Average Brit skips a meal every day but grabs snacks like crisps and tins of tuna to keep going, survey finds
The average adult skips one meal every day – with breakfast being the most common.
A study of 2,000 Brits found 46 per cent regularly go without the first meal of the day, while 30 per cent miss lunch.
Skipping a meal can leave you making rushed, hungry decisions[/caption]Lack of appetite (39 per cent), time (34 per cent) and a rushed daily routine (28 per cent) were the top reasons for going without meals.
Busy workloads (24 per cent) and simply forgetting to eat (16 per cent) were other common reasons.
The research, commissioned by Arla Protein to mark the launch of the brand’s new Food to Go range, also revealed the foods people confess reaching for when needing something quick.
These were a single packet of crisps (35 per cent), a lonely boiled egg (15 per cent) and a plain jacket potato (11 per cent).
Among some of the unsatisfying meals endured were tinned tuna (11 per cent), cold pizza (nine per cent) and a dry baguette or roll (eight per cent).
A fifth admitted they often decide on what to eat in a rush and as a result, 30 per cent enjoy them less than the meals they take time to choose.

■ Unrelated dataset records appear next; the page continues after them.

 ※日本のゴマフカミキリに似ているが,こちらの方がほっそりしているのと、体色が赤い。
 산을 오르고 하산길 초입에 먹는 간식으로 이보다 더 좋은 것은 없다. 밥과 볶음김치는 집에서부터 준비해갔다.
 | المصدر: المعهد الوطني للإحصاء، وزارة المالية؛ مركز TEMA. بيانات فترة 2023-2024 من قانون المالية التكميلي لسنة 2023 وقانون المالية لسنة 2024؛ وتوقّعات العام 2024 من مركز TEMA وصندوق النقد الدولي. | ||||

Danny Micklethwaite, for Arla Protein, said: “Brits often find themselves running between work, life and other social commitments, meaning important meals like breakfast and lunch become somewhat of an afterthought.
“We either skip those meals altogether or make rushed choices which can be devoid of flavour and essential vitamins and minerals.”
The younger demographic of 18–24-year-olds are more likely to skip a meal than any other age group, citing forgetfulness as the top reason why (31 per cent).
The 25-44 year olds were most likely to attribute missed meals to busy workloads (38 per cent) or rushed routine (38 per cent).
Looking at parents, around one in three (30 per cent) said rushed daily routines is a reason they miss meals – especially breakfast(43 per cent).
The research also found when people skip mealtimes, they feel hungry (28 per cent), tired (27 per cent), less productive (15 per cent) and irritable (14per cent).
Some 63 per cent of those polled via OnePoll cited that they suffer from decision fatigue and 55 per cent said this impacts their meal choices.
The brand’s new range of nutritionally balanced meal replacement protein drinks helps busy, active adults take back breakfast and lunch, offering one meal in one bottle.
Danny Micklethwaite added: “It’s clear there are lots of quick and easy options to grab throughout the day, but many of the choices are displeasing and don’t offer any nutritional value.”
What a balanced plate looks like
How can you make sure you are eating a balanced, filling and nutritious plate at every meal?
Think of your plate divided into different food groups – protein, carbs, fat and fruit and veg.
Protein: David Wiener, training and nutrition specialist at AI-based lifestyle and coaching app Freeletics, told The Sun: “Aim for one to two palm-size portions of lean protein in each meal.”
Protein includes meat (chicken, turkey, pork, beef), beans, peas, lentils and fish.
The NHS Eatwell Guide says to choose lean cuts of meat and mince, and eat less red and processed meat like bacon, ham and sausages.
Aim for at least two portions (two x 140g) of fish every week, one of which should be oily, such as salmon, sardines or mackerel.
Carbs: Carbohydrates should make up about a third of your plate, or a fist-sized portion.
The Eatwell Guide says: “Choose higher fibre or wholegrain varieties, such as wholewheat pasta and brown rice, or simply leave the skins on potatoes.
“There are also higher fibre versions of white bread and pasta.
“Starchy foods are a good source of energy and the main source of a range of nutrients in our diet.”
Fat: Generally the advice is to think of fat like a thumb-sized amount on your plate.
The Eatwell Guide says: “Remember all types of fat are high in energy and should be eaten in small amounts.
“These foods include chocolate, cakes, biscuits, sugary soft drinks, butter, ghee and ice cream.
“They’re not needed in our diet, so should be eaten less often and in smaller amounts.”
But a small amount is still essential for the diet. Try and eat more unsaturated fats (avocado, nuts, olive oil), which are healthier than saturated fats (butter, hard cheese, sour cream).
Fruit and veg: David says: “Make sure you also get lots of colourful fruit and vegetable carbohydrates too.
“Aim for at least five of these portions a day.
“One to two fist-sized portions of fruits and vegetables with every meal is generally recommended.”
Fruit and veg can be fresh, frozen, tinned or dried. You can roast, boil, steam or grill veggies.